About this task
Repeat verbatim, and only, the lines of the data below, beginning at the line that contains "a 3d photo of" and stopping after the line that contains "到了游戏后期,出装的选择更需".

*-*-*

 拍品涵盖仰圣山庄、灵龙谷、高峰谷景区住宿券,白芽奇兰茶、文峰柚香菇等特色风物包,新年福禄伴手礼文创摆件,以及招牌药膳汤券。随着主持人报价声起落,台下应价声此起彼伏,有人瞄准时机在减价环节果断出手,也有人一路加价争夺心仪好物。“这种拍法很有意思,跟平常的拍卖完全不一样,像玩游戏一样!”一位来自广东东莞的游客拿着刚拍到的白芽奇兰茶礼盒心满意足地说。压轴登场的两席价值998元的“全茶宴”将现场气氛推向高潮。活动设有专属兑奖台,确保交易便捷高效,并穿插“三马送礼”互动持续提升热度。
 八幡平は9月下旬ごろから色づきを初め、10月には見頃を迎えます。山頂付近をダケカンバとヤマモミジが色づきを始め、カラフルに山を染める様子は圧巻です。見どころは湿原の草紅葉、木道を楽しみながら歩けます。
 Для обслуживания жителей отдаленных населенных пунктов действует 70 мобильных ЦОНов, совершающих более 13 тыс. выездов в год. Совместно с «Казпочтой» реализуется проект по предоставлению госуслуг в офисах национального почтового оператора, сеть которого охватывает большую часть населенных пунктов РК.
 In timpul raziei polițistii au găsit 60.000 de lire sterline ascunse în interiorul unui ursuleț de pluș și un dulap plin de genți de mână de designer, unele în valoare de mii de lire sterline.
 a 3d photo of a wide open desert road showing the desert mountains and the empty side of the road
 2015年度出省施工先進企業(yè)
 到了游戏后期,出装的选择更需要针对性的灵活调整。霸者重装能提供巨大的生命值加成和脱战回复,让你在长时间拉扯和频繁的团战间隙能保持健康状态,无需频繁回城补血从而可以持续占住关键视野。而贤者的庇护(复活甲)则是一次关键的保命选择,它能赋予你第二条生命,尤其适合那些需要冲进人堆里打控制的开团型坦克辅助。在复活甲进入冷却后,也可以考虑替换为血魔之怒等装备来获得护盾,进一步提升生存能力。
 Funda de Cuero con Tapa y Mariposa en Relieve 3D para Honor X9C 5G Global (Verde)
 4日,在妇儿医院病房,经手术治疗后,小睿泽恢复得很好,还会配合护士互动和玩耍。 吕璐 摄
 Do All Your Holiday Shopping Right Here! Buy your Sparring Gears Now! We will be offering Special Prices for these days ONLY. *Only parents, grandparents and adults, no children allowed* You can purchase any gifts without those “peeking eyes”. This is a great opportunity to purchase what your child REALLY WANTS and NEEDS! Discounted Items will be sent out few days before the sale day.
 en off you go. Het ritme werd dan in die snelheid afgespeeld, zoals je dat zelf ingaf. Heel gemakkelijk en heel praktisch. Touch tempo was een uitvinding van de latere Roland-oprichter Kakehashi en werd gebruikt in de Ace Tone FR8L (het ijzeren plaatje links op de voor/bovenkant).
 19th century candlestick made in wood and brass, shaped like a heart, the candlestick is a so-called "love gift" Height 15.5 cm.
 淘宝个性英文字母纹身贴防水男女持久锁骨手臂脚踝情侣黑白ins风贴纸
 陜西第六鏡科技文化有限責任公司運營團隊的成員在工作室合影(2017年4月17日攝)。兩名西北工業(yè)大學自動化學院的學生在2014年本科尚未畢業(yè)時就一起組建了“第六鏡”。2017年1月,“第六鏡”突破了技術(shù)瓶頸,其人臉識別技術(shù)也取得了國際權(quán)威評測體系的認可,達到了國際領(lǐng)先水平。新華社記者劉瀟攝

*-*-*

Answer section
 a 3d photo of a wide open desert road showing the desert mountains and the empty side of the road
 2015年度出省施工先進企業(yè)
 到了游戏后期,出装的选择更需要针对性的灵活调整。霸者重装能提供巨大的生命值加成和脱战回复,让你在长时间拉扯和频繁的团战间隙能保持健康状态,无需频繁回城补血从而可以持续占住关键视野。而贤者的庇护(复活甲)则是一次关键的保命选择,它能赋予你第二条生命,尤其适合那些需要冲进人堆里打控制的开团型坦克辅助。在复活甲进入冷却后,也可以考虑替换为血魔之怒等装备来获得护盾,进一步提升生存能力。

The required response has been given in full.